The Students’ Society of McGill University (SSMU) adopted a new Accessibility Policy during the Legislative Council meeting on Jan. 28. Last updated in 2016 and having expired on Jan. 1, 2021, the new policy expands beyond its previous focus on physical disabilities to include a more comprehensive commitment to accessibility and introduces a new Accessibility Commissioner position to SSMU.

The policy’s amendments are grouped into six categories: Communication and promotions, programming and events, physical access, student groups, external and internal advocacy, and SSMU governance. This expansion is an effort to embody the “social model of disability,” which maintains that it is systemic barriers, including physical, attitudinal, social, that are the primary factors to an individual’s experience of disability, rather than one’s own individual experience. 

Vice-President (VP) University Affairs Brooklyn Frizzle explained that the policy aims to improve the resources offered by SSMU’s Communications Department to reduce existing barriers to accessibility.

“There are a lot of big operational changes with the Communications Department offering accommodations in terms of whisper translation or sign language interpreters […] which we’re supposed to be offered anyways, but there hasn’t been necessary financial allocations or pressure,” Frizzle said. 

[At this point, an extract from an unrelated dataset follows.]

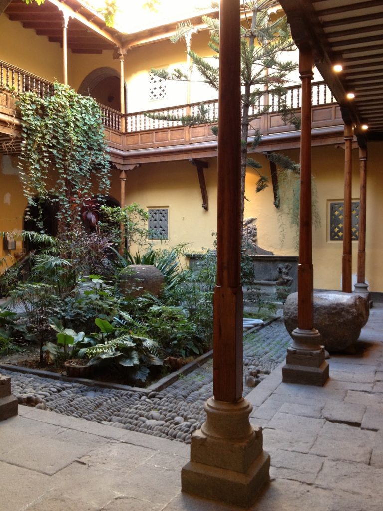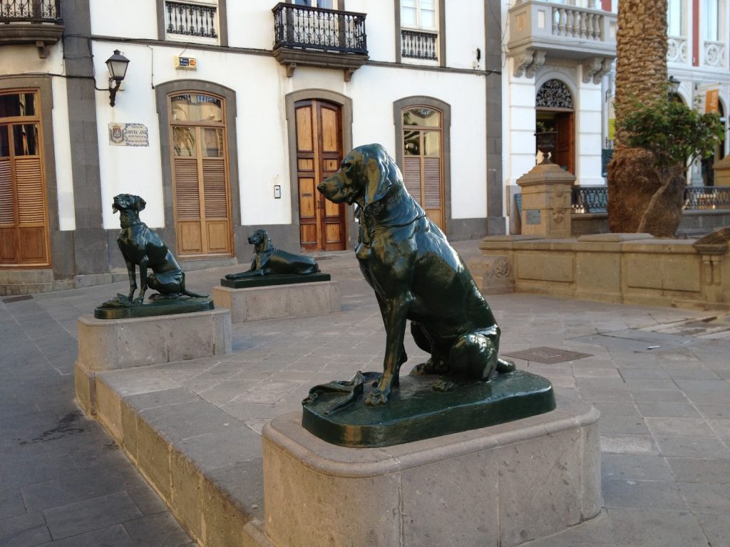 Daha sonra Katedrale ve Santa Ana meydanına gittik. Bronz köpek heykelleri meydanın en önemli simgesi. Kanarya Adaları isminin sarı kanarya kuşlarından geldiği düşünülür hep. Oysaki eski çağda Romalılar adalardan birinde yüzlerce vahşi köpek görüyor ve adaları Insula Canum olarak adlandırıyor. Sonraları adada yabani saka kuşlarının olduğu farkediliyor ve adaya ‘Dog Island Birds’ yani köpek adası kuşları deniliyor. Tabii ada daha sonraları Fortunate Islands olarak biliniyor. Adanın adının kendilerini Canarii olarak adlandıran bir çeteden geldiği de öne sürülmekte. Köpekler de Kanarya Adaları’nın bayraklarında yeralan bir simge.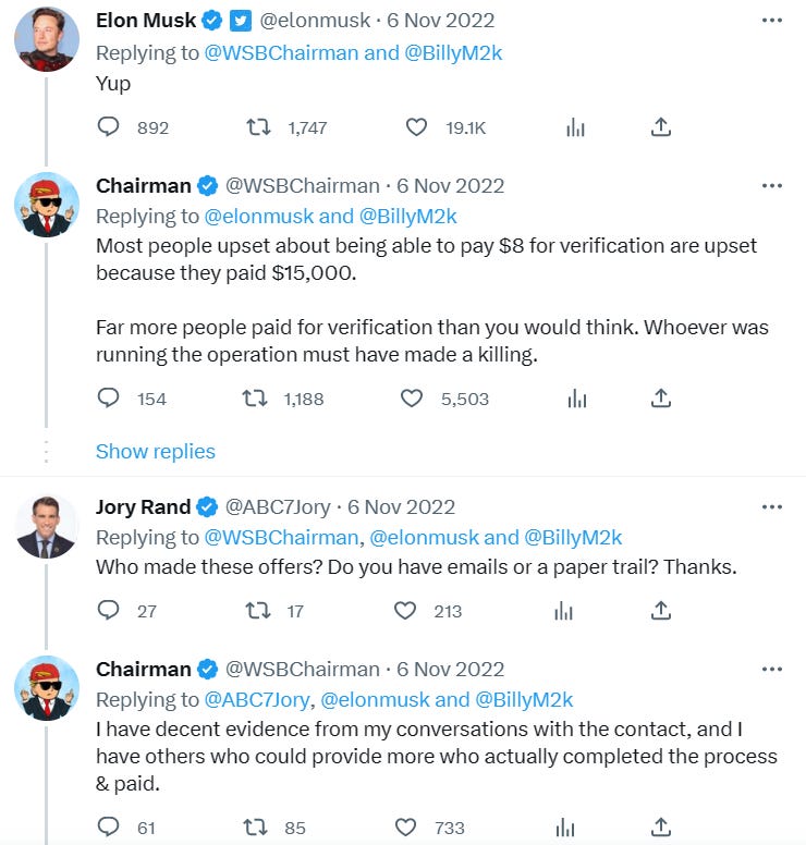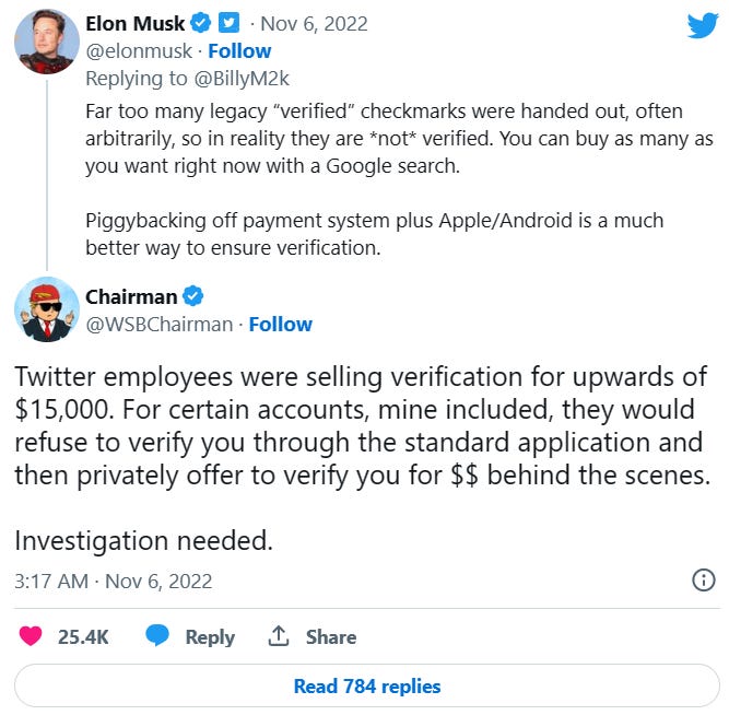 In fact, one of the only sure ways to get a blue check account was to buy it through back channels. After Musk's takeover of the company, it was revealed that under the previous management Twitter staff were actually selling blue checkmarks to some users for up to $15,000 a pop. This might explain why certain people and organizations are so angry that Musk is now selling them for only $8 a month.

Frizzle noted that the lack of enforcement mechanisms contained in the previous 2016 policy limited its effectiveness during the five years that the former policy was in effect. 

“The biggest problem was that it was just frankly unenforceable,” Frizzle said. “There weren’t any clear mandates for executives or governing bodies. From [2016] on, I don’t think there was a single report on accessibility […] presented to the council.”

To address these concerns, the new policy will mandate the creation of an Accessibility Commissioner who will be responsible for leading an Accessibility Committee that will convene biweekly. VP Student Life Maheen Akter will be responsible for the hiring and training of the new commissioner. 

“The Accessibility Commissioner is responsible for ensuring that mandates are followed,” Akter said. “The commissioner will  serve as a resource for SSMU and […] student groups in efforts to expand accessibility.”

The commissioner and their committee will work to engage the entire university population to ensure that all operations and communications are accessible.

“We’re now able to hire someone with expertise, […] somebody who will consult with student groups and staff in order to make sure all our operations are as accessible as possible,” Akter said. 

Akter will correspond with student clubs to address barriers to student participation and provide resources to address concerns about accessibility. 

“One of the other things […] that is also part of my role [is] making sure that there’s inclusion and awareness [within student clubs, and] part of that is providing training materials in clubs workshops,” Akter said.

Under the leadership of the new commissioner, the Accessibility Committee will aim to create space for students to voice concerns on accessibility at SSMU, which Frizzle notes is lacking on campus. 

“The creation of an accessibility committee [serves as] an oversight and auditing body that identifies inaccessibility at SSMU, makes recommendations and acts as […] a forum for students with disabilities,” Frizzle said. “[Right now this] doesn’t really exist on campus aside from the University Joint Board Senate Committee on Equity Subcommittee on Persons with Disabilities.”

The policy states that the SSMU Funding Committee will now ask at least one question concerning accessibility when evaluating funding applications. The accountability committee will be held responsible for ensuring that this takes place, and report to the SSMU Legislative Council at least once a semester.

Teri Phillips, director of the Office for Students with Disabilities (OSD), emphasized the organization’s shared goals with the SSMU’s reformed Accessibility Policy and explained that the OSD will apply the central aims of the policy to continue to improve their services. 

“I do welcome and look forward to working with SSMU representatives to advance our mutual objective of improving access and creating an accessible learning environment for all our students,” Phillips said.